PRIMEROS DÍAS EN LA SENDA
Partí a principios de agosto desde Meghri, el extremo sur del TCT. La ciudad y sus pocos miles de habitantes están dentro del tamaño estándar de un centro poblado armenio. “Meghri”, en el idioma local, tiene que ver con la miel o las cosas dulces, debe ser porque en la zona crece una cantidad desproporcionada de uva, higos y albaricoques. Cada familia cosecha vides y árboles frutales, se come algo, pero la verdadera razón es que la pasión soviética por el alcohol se mantuvo incluso después de la disolución de la URSS, por lo que cada familia tiene una producción autónoma de licores a sesenta grados, unos incoloros que llaman vodka y sacan con cada excusa. Los aguardientes deben beberse a partir de las diez de la mañana y siempre de un trago. Aunque parezca extraño, no deja resaca. Por extraño que parezca, rechazarlos es imposible.

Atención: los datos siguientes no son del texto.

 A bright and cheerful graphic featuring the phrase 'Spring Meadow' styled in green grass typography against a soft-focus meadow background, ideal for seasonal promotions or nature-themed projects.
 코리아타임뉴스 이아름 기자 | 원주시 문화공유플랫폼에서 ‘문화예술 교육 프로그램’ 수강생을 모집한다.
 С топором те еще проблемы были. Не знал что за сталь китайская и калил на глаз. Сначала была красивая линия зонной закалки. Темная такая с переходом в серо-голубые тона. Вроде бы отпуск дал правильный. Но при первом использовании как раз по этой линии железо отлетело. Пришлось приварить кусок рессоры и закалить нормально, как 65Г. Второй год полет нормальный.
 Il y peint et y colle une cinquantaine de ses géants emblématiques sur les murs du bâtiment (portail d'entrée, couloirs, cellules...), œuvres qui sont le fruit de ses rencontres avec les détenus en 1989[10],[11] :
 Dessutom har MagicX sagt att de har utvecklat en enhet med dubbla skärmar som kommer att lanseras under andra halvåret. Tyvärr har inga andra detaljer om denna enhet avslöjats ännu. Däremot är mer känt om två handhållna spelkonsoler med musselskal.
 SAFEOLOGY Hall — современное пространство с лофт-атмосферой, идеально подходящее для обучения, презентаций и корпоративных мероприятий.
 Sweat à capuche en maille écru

Los primeros días de camino son los más difíciles (los motivos son complementarios a la asunción de vodkas locales) y llevan a reconsiderar las decisiones tomadas, maldiciendo el espíritu de iniciativa que promueve las novedades. Tarde o temprano el cuerpo se acostumbrará al ritmo, sólo es cuestión de darle tiempo para que se aclimate. A los excursionistas que parten del sur, el sendero les da una calurosa bienvenida: literalmente, con cuarenta y tantos grados y dolorosas subidas de laderas expuestas al sol, y metafóricamente con abrazos de zarzas, ramas que no respetan los espacios personales, árboles derrumbados y flores que queman la piel. Ciertas personas incluso lograron avistar algunos osos, pero estos no forman parte del comité de bienvenida y no siempre se tiene tanta suerte.

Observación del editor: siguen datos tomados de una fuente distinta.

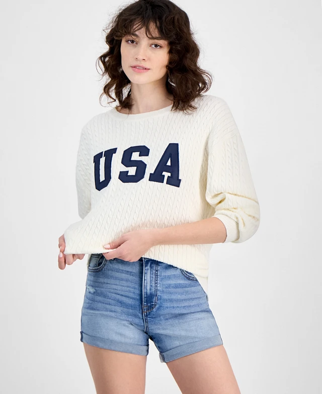 Hippie Rose Juniors' Cable-Knit Usa-Graphic Sweater
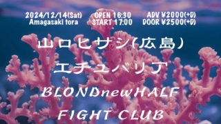 act...山口ヒサシ(広島)エチュバリアBLONDnewHALFFIGHT CLUBハウリングセッタ(佐世保)雨面ナラカシウサギバニーボーイ(広島)OPEN 16:30START 17:00Adv.¥2000(+1D)Door.¥2500...
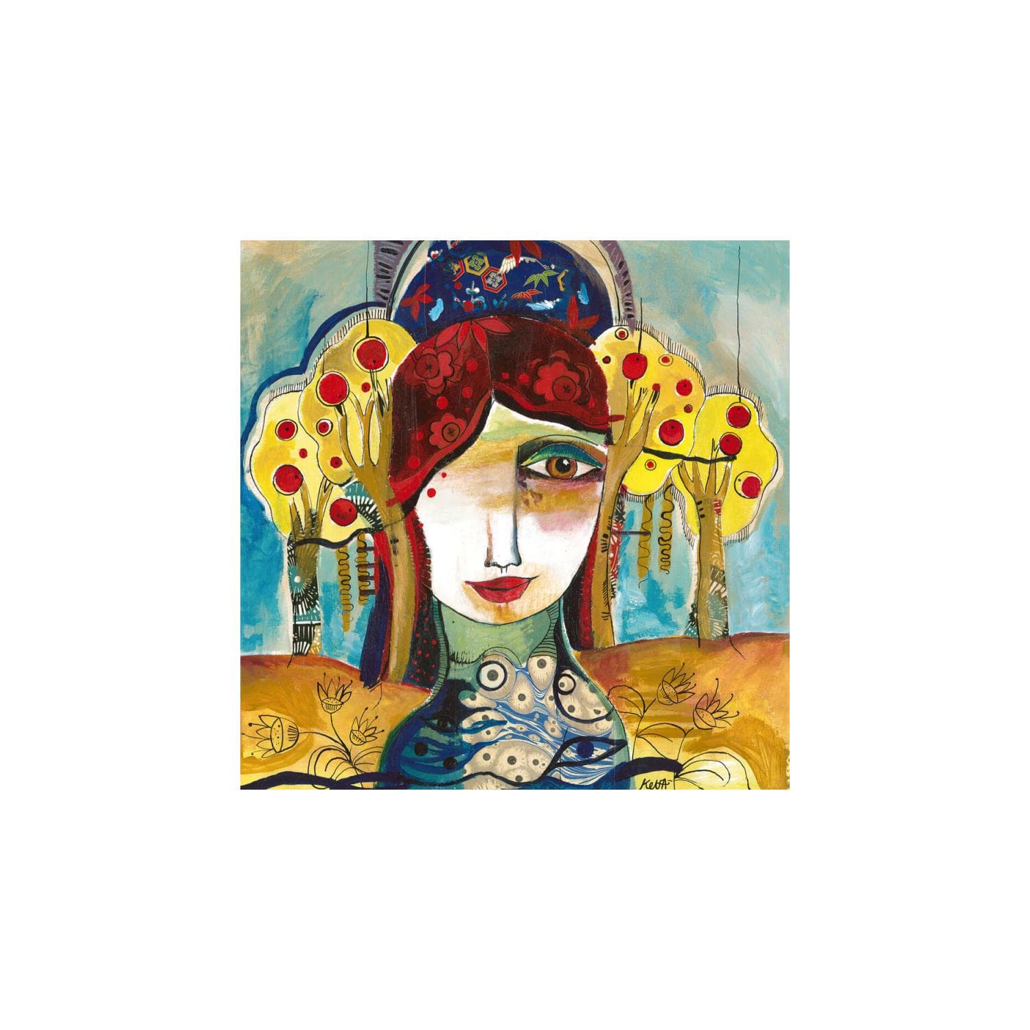 The contemporary artwork Le fil des ambres is a modern painting from the artist Laure Ketfa. This is a contemporary painting, unique and originale, Figurative style.

Un hecho singular de Armenia es que las montañas ocupan el ochenta y seis por ciento de su superficie (más que Suiza y Nepal) con la mitad del país por encima de los dos mil metros. Esta característica morfológica prácticamente no aporta ninguna ventaja en términos de temperatura. En verano se muere por el calor y en invierno las montañas recuerdan lo que deben hacer, y por eso se congela. Por otro lado, no hay forma de escapar de las impresionantes subidas y descensos que rompen las rodillas. La primera parte de Meghri, en el mismísimo interior del pueblo, sin siquiera tener tiempo de calentar los músculos, y asciende desde los seiscientos metros (cabe mencionar: uno de los puntos más bajos de todo el recorrido) hasta los dos mil doscientos. La tercera etapa es aún peor: partir de 1700m de Shishkert, lugar para el cual se necesita cierta licencia poética para definirlo como centro habitado, y llegar a 3200 metros del monte Khustup; y eso sólo por la mañana. Llegué bajo la cresta rocosa con la lengua fuera y un número vergonzoso de pausas. Había abusado del oxígeno disponible para preguntarme cómo diablo había logrado moverme en la cordillera de los Andes entre cuatro y cinco mil metros, apenas tres años antes. Había una respuesta despiadada impresa ante mis ojos y no podía decidir si era verdad desarmadora o una broma de cansancio: ¿podría haber envejecido repentinamente?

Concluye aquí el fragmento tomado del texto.